Tennessee football lost its fourth straight game on Saturday, falling to the Kentucky Wildcats. Here are five takeaways from the Volunteers’ loss.
Make it 3-5 overall and 0-5 in the SEC. This is where Tennessee football stands after a 29-26 loss to the Kentucky Wildcats. The Vols gave up a touchdown to Stephen Johnson with 30 seconds left despite leading for much of the second half.
They ended the game with a Hail Mary completion from Jarrett Guarantano to Jeff George, but George went down three yards short of the end zone. So Kentucky and Mark Stoops escaped with the win to get to 6-2 and bowl eligible for a second straight year.
It’s the first time since 1984 that the Wildcats beat Tennessee and were bowl eligible in the same year. And it’s the first time since 2011 that they beat the Vols at all.
Here are five takeaways from Tennessee football’s loss to Kentucky.
1. The Vols failed to capitalize off opportunities.
Kentucky committed four turnovers on the night, and Stephen Johnson actually went out for a play. That should have been enough for Tennessee football to win this game. But they couldn’t. The Vols got a grand total of nine points off of Kentucky’s four turnovers, and it bit them. Not only did they force four turnovers, but they committed none themselves, and they also out-gained the Wildcats in offense. So how did they lose?
2. Red zone play was once again an issue.
Carrying a theme that has plagued Tennessee football all year, Butch Jones’s Vols were once again horrendous in the red zone. The Vols’ first two offensive possessions were in the red zone, and they came away with six points overall. They then had to settle for another field goal in the red zone in the second half. Brent Cimaglia was four of six on the night, and in two of those red zone drives, the Vols got to the six-yard line. They would then get pushed back for a variety of reasons. One of those reasons is our next post.

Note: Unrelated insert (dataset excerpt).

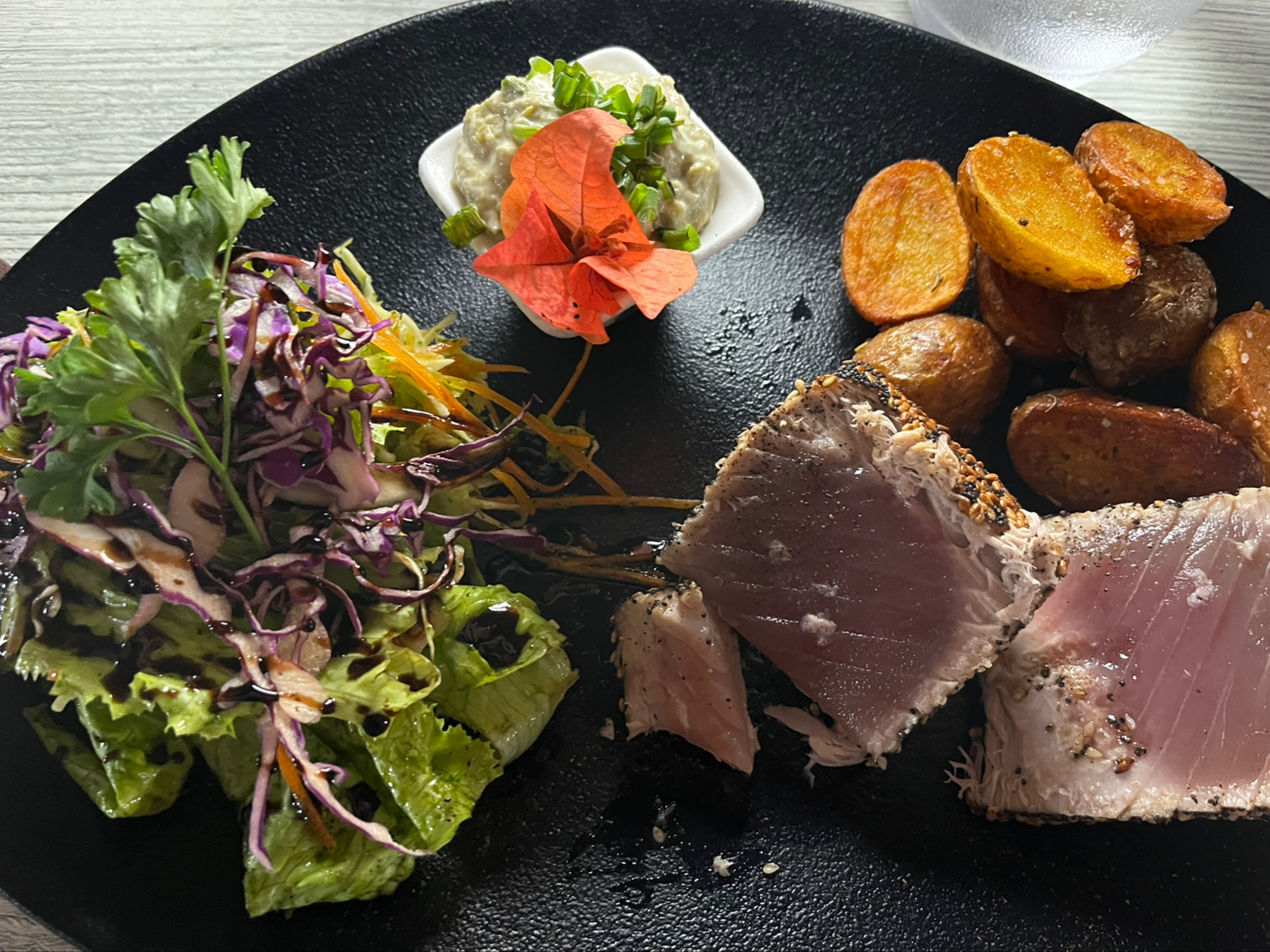 Accueil parfait. Personnel souriant et agréable. Quant aux plats... Ce thon mi cuit. Une merveille. A faire.
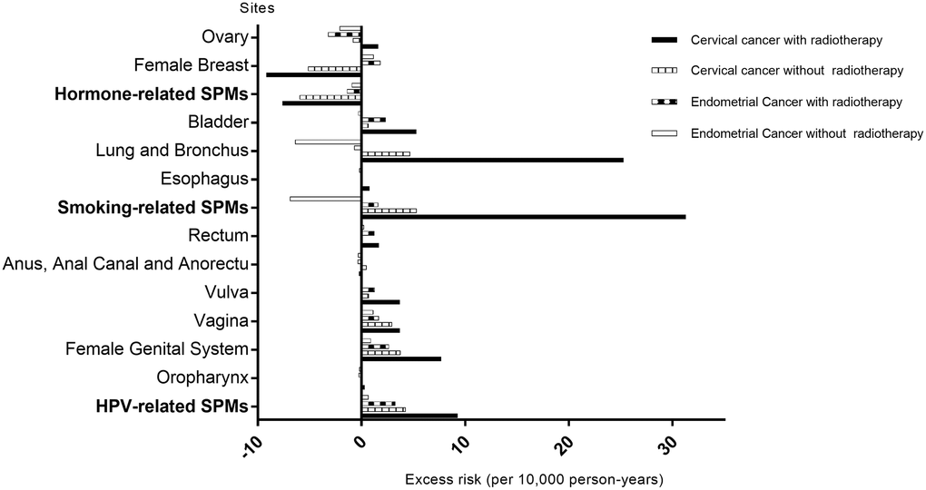 Figure 2 demonstrates the excess risk of SPMs in cervical and endometrial cancer survivors. Overall, the trend of excess risk was consistent with the corresponding SIRs. The largest difference in SPM excess risk between cervical and endometrial cancer survivors was observed in potentially smoking-related SPMs (31.3 vs. 1.6 per 10,000 person-years). However, the trend was opposite for some sites such as the breast (excess risk: –9.2 vs. 1.8 per 10,000 person-years). Cervical cancer survivors with RT had a substantially higher potential HPV-related SPM excess risk than endometrial cancer survivors (9.3 vs. 3.3 per 10,000 person-years). Although the excess risk of potentially hormone-related SPMs in endometrial cancer survivors was higher than that of cervical cancer survivors (–1.4 vs. –7.6 per 10,000 person-years), it was lower than the general population risk.

3. Offensive line play was horrible!
The Tennessee football offensive line blocked well for the rushing attack in the first half. After that, though, they did nothing right. The line gave up seven sacks on the night to eight different Kentucky players. We knew that sacks would be an issue in this game, but this was flat-out terrible. Guarantano got no protection for much of the night, and the mistakes were blatant. At the same time, they committed multiple key penalties, which leads to our next point.
4. Penalties were horrendous.
Tennessee football committed nine penalties for 54 yards. Of course, there was one play where every player on both teams got an unsportsmanlike conduct. That came back to bit the Vols as Rashaan Gaulden committed his second on the final Kentucky drive and had to be ejected. Meanwhile, the line committed multiple penalties to stop the Vols from scoring touchdowns on multiple red zone trips. And it wasn’t just them. Josh Smith committed an unnecessary holding penalty that brought back a Ty Chandler touchdown. But speaking of Chandler, there’s one small positive from this game.
5. The entire backfield showed promise.
Hey, this unit did help in the month-long touchdown drought. Jarrett Guarantano developed on the fly in this game. He began to pick up pre-snap reads and got rid of the ball a little more quickly in the pocket. These are all positives. Meanwhile, without John Kelly, Tennessee football still had no trouble in the backfield. Ty Chandler gained 120 yards on 22 carries with two touchdowns, and he also led the team in receiving. Carlin Fils-Aime was a great backup too, gaining 73 yards on 13 carries. All of these guys are young and have a future. But they may need a different coach to develop them.